На протяжении нескольких десятилетий авторитет Рикса-критика поддерживали его рецензии в британском Times Literary Supplement и американском New York Review of Books. Именно его считают, например, «первооткрывателем» ирландского нобелевского лауреата Шеймаса Хини. В свою очередь, Оден говорил, что Рикс – «критик, которого надеется найти любой поэт».

Внимательный и отзывчивый по отношению к авторам, которых он уважает, Рикс может быть жестоким и беспощадным к тем, кого считает поверхностными, напыщенными или претенциозными (сам он признает свою «возможно, чрезмерную» неприязнь к Вирджинии Вулф, довольно сурово критикует знаменитого американского теоретика литературы Стенли Фиша и переоцененного, по его мнению, канадского теоретика медиа Маршалла Маклюэна).
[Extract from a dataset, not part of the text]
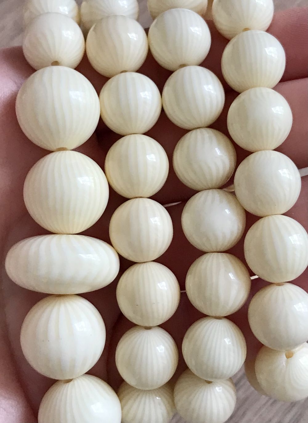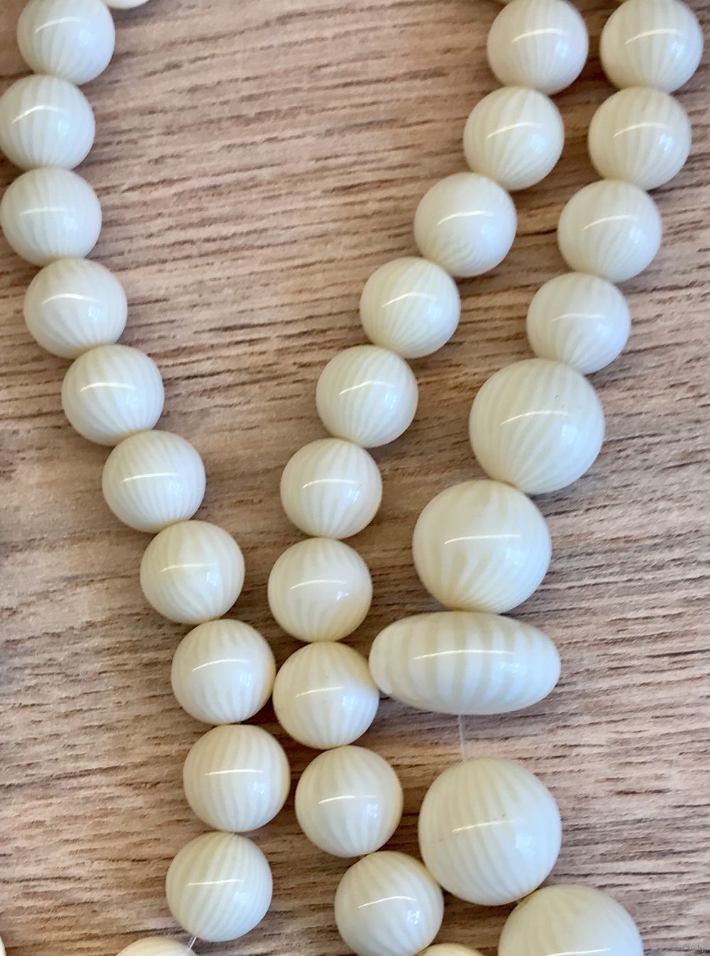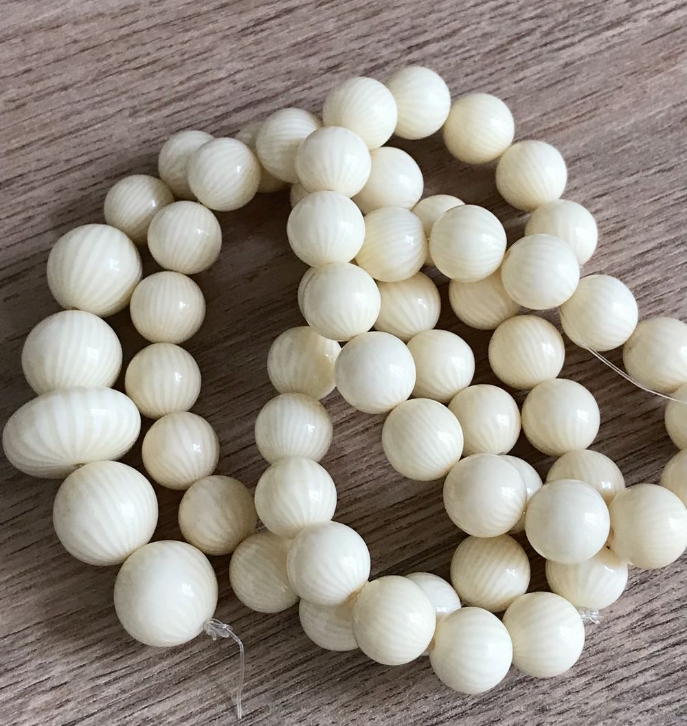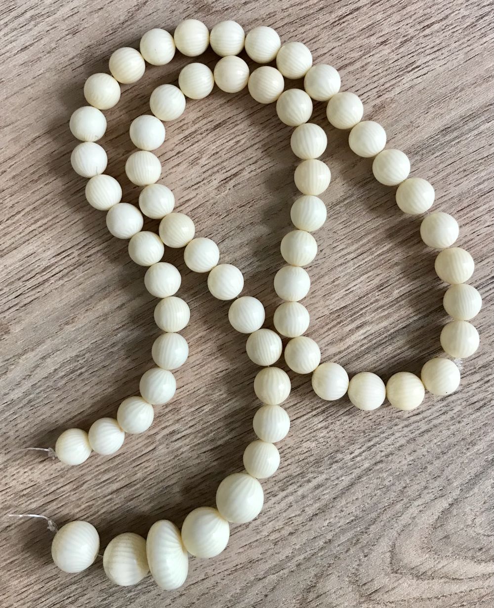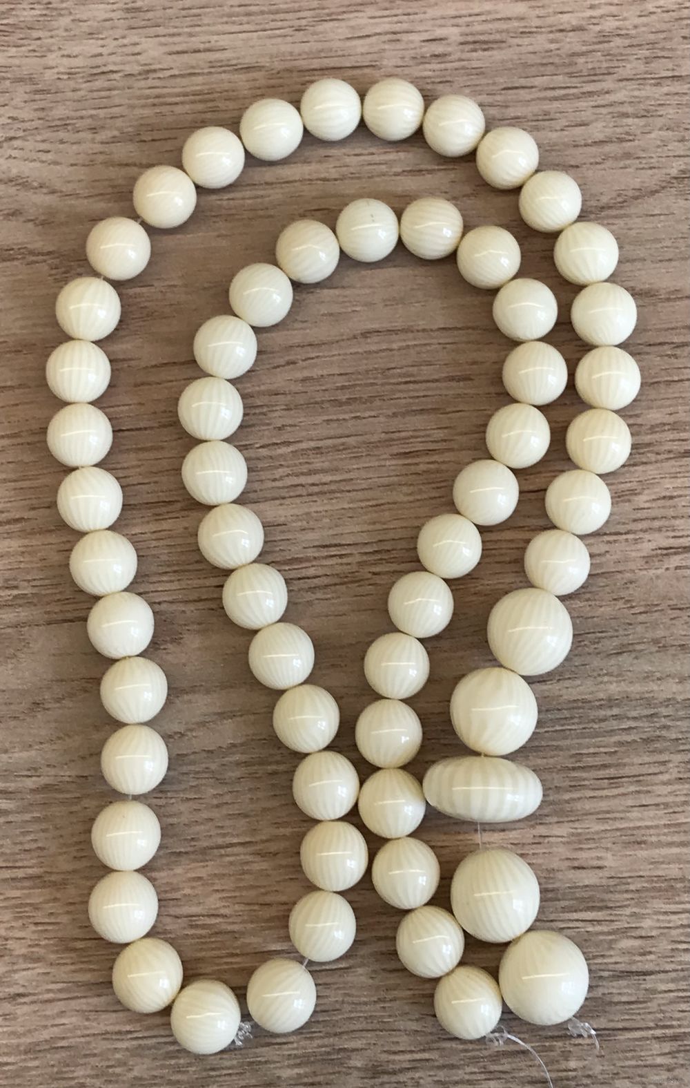 Нитка с бусинами из айворина. Первая половина ХХв. 4 бусины диаметром 1,5см., 1 бусина 2см., 55 бусин диаметром 1,2см. Длина нитки 72см.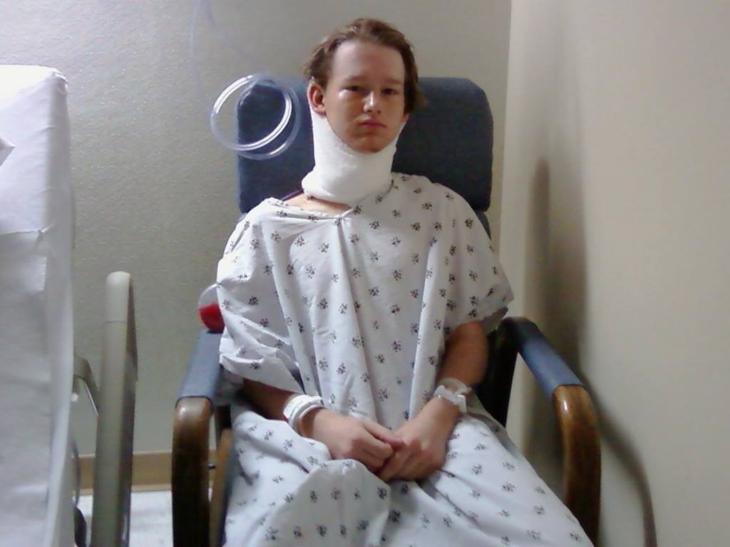 This is what radical neck dissection looks like afterwards. Doctors removed the rest of the thyroid, two parathyroid glands, and 30 lymph nodes from under his ear, jawline, neck and upper chest.

Однако внимание широкой общественности Рикс привлек совсем другим, а именно своей неразделенной любовью к Бобу Дилану, который, по его мнению, «владеет словом лучше всех в современной Америке». Любовь эта выражается не только в коллекционировании официальных и неофициальных записей Дилана (в коллекции Рикса – 1700 единиц), но и в книге «Образы греха у Боба Дилана» (2003), которую недоброжелательные критики назвали «разбазариванием таланта», «незаслуженно тонким анализом» и даже «попыткой сшить шелковый кошелек из свиного уха». Профессор Оксфорда Джон Кери резюмировал: «Если Риксу захочется, он докажет, что даже телефонная книга – вещь весьма утонченная и поэтичная».

И. Л.

Профессор Рикс, зачем вам ванна в кабинете?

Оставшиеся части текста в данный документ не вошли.